Nous l'avions dit, le pays se devait d'élargir ses
horizons relationnels, ceci en vue d'échapper un temps soit peu à
un système complexe afin de résoudre les problèmes qui se
soulevaient à tous les niveaux, tant internes qu'externes.
L'opportunité s'offrait en Taïwan qui avait le
vent en poupe, surtout auprès des occidentaux, les grands vainqueurs de
la deuxième guerre mondiale. La Haute Volta faisait aussi partie des
Etats sous influence occidentale par le biais de la France qui n'avait pas tout
à fait coupé le lien en tant que métropole.

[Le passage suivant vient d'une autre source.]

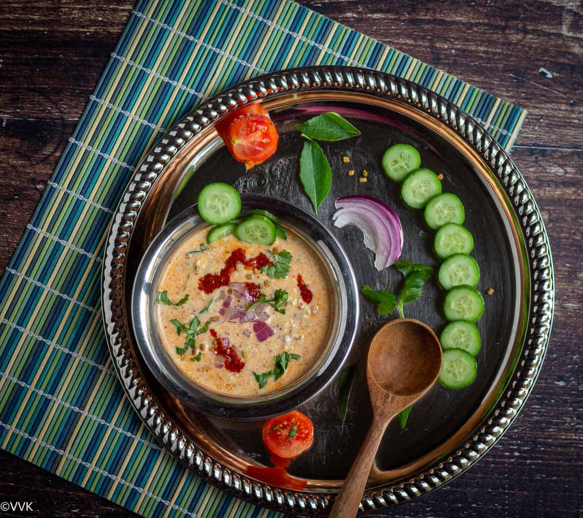 - Finally, add the onion, curry leaves, and cilantro. Mix and close the mason jar. Refrigerate overnight. Before serving, mix well and if needed, add more yogurt/buttermilk and more onions and enjoy! Refer notes for salt. You can also add freshly grated carrots, raw mangoes, grapes, or pomegranate arils.

La République Populaire de Chine alors n'était
pas fréquentable.
Un dicton africain stipule que « lorsque le cours du
fleuve tourne et change de direction, le caïman se doit de le
suivre ». Le cours du fleuve représente alors
l'idéologie occidentale à laquelle était d'office
liée la Haute Volta et le caïman, cette dernière. La
relation longtemps tendue, entre le bloc occidental avec pour chef de file les
Etats-Unis et le bloc communiste avec comme leader l'U.R.S.S., en était
arrivée à une ère de dégel, communément
appelée la « coexistence pacifique » qui
nécessitait de la part des capitalistes une réorientation de leur
politique internationale. La reconnaissance de Taïwan comme
représentante unilatérale de la Chine n'avait plus lieu
d'être, ceci d'autant que la différence tant géographique
que démographique avec la Chine Populaire était évidente.

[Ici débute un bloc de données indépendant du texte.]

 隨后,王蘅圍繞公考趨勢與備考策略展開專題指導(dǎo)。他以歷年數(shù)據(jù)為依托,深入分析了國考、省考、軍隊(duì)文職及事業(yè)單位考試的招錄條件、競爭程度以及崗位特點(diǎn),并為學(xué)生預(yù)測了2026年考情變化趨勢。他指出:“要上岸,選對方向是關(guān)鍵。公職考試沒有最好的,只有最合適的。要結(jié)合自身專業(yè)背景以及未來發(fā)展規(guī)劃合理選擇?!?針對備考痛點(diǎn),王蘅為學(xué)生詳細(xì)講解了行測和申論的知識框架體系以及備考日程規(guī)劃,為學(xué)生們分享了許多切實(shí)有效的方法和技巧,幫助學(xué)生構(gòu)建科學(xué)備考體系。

En plus, il fallait désormais compter avec une future puissance
régionale selon les analystes politiques, qui voyaient en la Chine un
dragon endormi qu'il ne fallait pas réveiller avant le moment. Alors le
transfert de compétences au niveau des Nations Unies devait
s'opérer afin de parfaire cette nouvelle réorientation. Cet
état de fait sonnait la fin de la reconnaissance internationale de
Taïwan et du même coup des relations diplomatiques entre Taïwan
et la Haute Volta qui, elle, se devait de suivre ses priorités du
moment. Ses priorités se résumaient à s'assurer une place
dans le concert des nations tout en s'appliquant à la construction d'une
nouvelle démocratie.
C'est ainsi que la géopolitique internationale allait
avoir raison d'une relation diplomatique entre Taïwan et la Haute Volta le
23 Octobre 1973 et mettre fin à une idylle de douze années.
Après 21 années de divorce, le 02 Février
1994 annonce le début d'une nouvelle relation diplomatique entre les
deux entités Etatiques. Plusieurs facteurs tant politiques
qu'économiques expliquent cette reprise.
D'abord, sur le plan politique et économique pour le
Burkina Faso, ex Haute Volta, la situation a beaucoup
évolué : au plan interne, les différentes
républiques n'ayant pas pu asseoir une forme type de gestion comme
formule idoine à la crise sociale qui prévalait, il fallait se
permettre un nouvel essai dans le champ de la coopération
bilatérale afin de pallier aux nombreux manquements. Et Taïwan se
présentait maintenant en tous points de vue comme un modèle de
réussite, passant du statut d'Etat sous développé à
celui d'Etat riche. Il fallait copier ce modèle de miracle ;
ensuite sur le plan international, la géopolitique avait
profondément muté avec la quasi disparition du bloc communiste,
la généralisation du système capitaliste avec
l'hégémonie des Etats-Unis dans un bloc aux moyennes puissances.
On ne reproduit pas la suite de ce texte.